Inflammatory breast cancer (IBC) is a rare, aggressive form of breast cancer that tends to develop quickly, sometimes in just a few weeks or months. IBC starts in the milk ducts of the breasts and, by the time it has been diagnosed, has usually already spread to the lymph nodes and further.
The distinctive symptoms of redness, swelling, and tenderness are “because cancer cells block the lymphatic vessels in the skin overlying the breast,” says Jessica Maxwell, MD, assistant professor of surgical oncology at the University of Nebraska Medical Center.
The lymph vessels carry lymph fluid, part of the body’s infection-fighting system, throughout the body.

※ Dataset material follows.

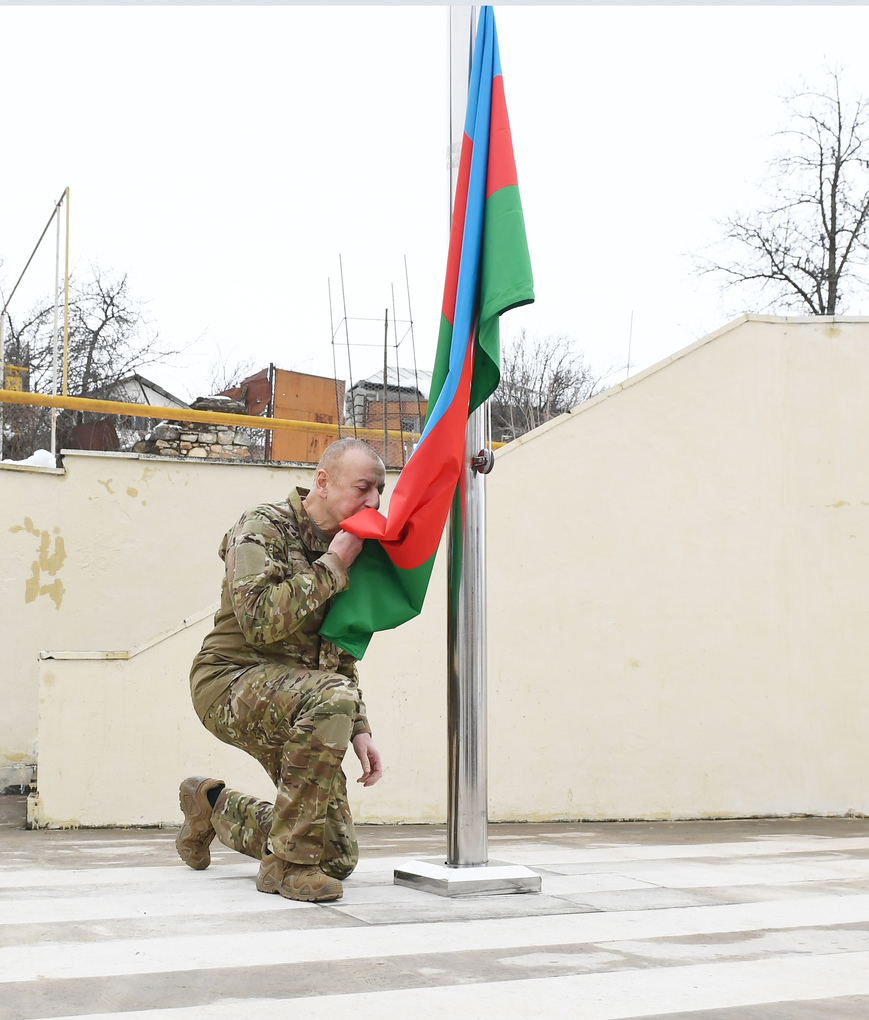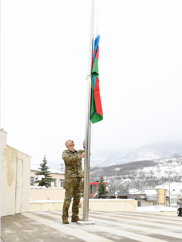 Azərbaycan Prezidenti, Silahlı Qüvvələrin Müzəffər Ali Baş Komandanı İlham Əliyev Hadrut qəsəbəsində dövlət bayrağımızı qaldırdı və çıxış etdi.
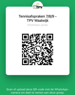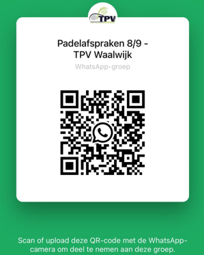 Ben je lid en wil je graag regelmatig padellen of tennissen? Heb je nog niet voldoende maatjes om een groepje te vormen? Meld je aan voor één of meerdere groepsapps. Zo kom je snel in contact met speelmaatjes. Ook leuk voor ervaren leden die eens met iemand anders willen spelen of die een invaller of extra speler nodig hebben. Let op: meld je alleen aan indien jouw sterkte past bij de groep. Zo blijft het voor iedereen leuk om met elkaar te spelen. Scan de QR code en word lid van de appgroepen.

Although IBC accounts for only about 1% to 5% of all breast cancers, it has a steeper mortality rate than other malignancies in the breast.
Inflammatory breast cancer symptoms
The most characteristic symptom of IBC is ridged, pitted, or dimpled skin caused by the buildup of lymphatic fluid in the skin. This is called “peau d’orange” or “skin of an orange.”

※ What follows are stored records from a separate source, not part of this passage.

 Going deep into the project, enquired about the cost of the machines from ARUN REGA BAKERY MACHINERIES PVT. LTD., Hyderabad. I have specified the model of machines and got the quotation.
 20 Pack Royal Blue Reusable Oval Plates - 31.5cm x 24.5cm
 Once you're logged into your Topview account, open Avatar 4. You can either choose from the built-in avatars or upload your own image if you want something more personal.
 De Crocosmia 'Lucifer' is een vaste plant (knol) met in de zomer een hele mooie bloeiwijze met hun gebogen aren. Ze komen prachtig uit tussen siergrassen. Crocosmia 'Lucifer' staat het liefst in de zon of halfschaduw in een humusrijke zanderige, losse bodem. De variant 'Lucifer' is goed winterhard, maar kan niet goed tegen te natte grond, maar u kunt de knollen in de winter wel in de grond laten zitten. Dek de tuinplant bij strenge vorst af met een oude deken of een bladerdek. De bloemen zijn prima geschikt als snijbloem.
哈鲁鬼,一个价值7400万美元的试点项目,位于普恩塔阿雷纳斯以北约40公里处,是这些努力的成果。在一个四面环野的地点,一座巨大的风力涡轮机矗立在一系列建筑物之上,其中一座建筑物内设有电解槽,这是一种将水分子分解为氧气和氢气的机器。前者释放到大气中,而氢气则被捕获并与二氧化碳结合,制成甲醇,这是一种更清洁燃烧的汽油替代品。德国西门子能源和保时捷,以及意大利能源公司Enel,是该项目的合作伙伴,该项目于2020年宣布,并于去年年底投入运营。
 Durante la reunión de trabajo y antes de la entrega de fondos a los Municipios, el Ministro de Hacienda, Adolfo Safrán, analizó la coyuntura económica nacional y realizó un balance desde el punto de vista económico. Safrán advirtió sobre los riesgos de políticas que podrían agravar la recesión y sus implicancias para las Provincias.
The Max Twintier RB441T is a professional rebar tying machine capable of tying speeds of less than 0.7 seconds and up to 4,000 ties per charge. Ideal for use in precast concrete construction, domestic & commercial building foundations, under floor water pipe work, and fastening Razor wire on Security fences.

“The skin gets very swollen and thick and the pores get larger,” explains Lauren S. Cassell, MD, chief of breast surgery at Lenox Hill Hospital in New York City.
Sometimes the nipple may be flattened or inverted, the skin may look red, purple, or bruised, and lymph nodes under the arm or near the collarbone may be swollen. Some women also have a feeling of heaviness or burning in their breasts. Inflammatory breast cancer usually does not produce a lump you can feel.

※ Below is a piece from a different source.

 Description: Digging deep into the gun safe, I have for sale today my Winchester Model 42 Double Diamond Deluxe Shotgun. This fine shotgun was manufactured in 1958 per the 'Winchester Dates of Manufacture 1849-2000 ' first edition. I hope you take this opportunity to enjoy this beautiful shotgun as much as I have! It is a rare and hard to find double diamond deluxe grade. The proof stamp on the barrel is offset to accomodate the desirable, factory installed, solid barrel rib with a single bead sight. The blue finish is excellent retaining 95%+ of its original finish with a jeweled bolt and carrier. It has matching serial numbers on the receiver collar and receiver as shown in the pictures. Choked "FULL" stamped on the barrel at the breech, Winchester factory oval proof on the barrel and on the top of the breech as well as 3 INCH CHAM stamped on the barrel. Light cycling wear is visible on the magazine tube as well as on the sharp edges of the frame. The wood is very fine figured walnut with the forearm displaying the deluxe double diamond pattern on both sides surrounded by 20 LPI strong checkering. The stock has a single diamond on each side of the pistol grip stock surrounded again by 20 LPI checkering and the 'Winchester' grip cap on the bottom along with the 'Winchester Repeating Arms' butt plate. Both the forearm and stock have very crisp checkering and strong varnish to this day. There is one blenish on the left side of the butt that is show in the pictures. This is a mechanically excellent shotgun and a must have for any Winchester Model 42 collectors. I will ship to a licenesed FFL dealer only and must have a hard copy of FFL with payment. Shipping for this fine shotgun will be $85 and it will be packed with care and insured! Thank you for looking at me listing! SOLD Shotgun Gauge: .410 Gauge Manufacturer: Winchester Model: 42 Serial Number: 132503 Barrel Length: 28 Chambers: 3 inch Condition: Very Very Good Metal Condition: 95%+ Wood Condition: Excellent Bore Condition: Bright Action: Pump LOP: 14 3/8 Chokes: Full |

Inflammatory breast cancer causes
No one knows exactly what causes IBC other than it usually starts in the milk ducts of the breast.
“We know it generally begins like other cancers where you have an abnormal cell within the breast and typically a mutation within that cell’s DNA instructs the cell to grow or divide very rapidly,” says Dr. Maxwell.
IBC differs from other cancers in that “rapidly dividing cells accumulate and clog those lymphatic vessels and skin,” she adds.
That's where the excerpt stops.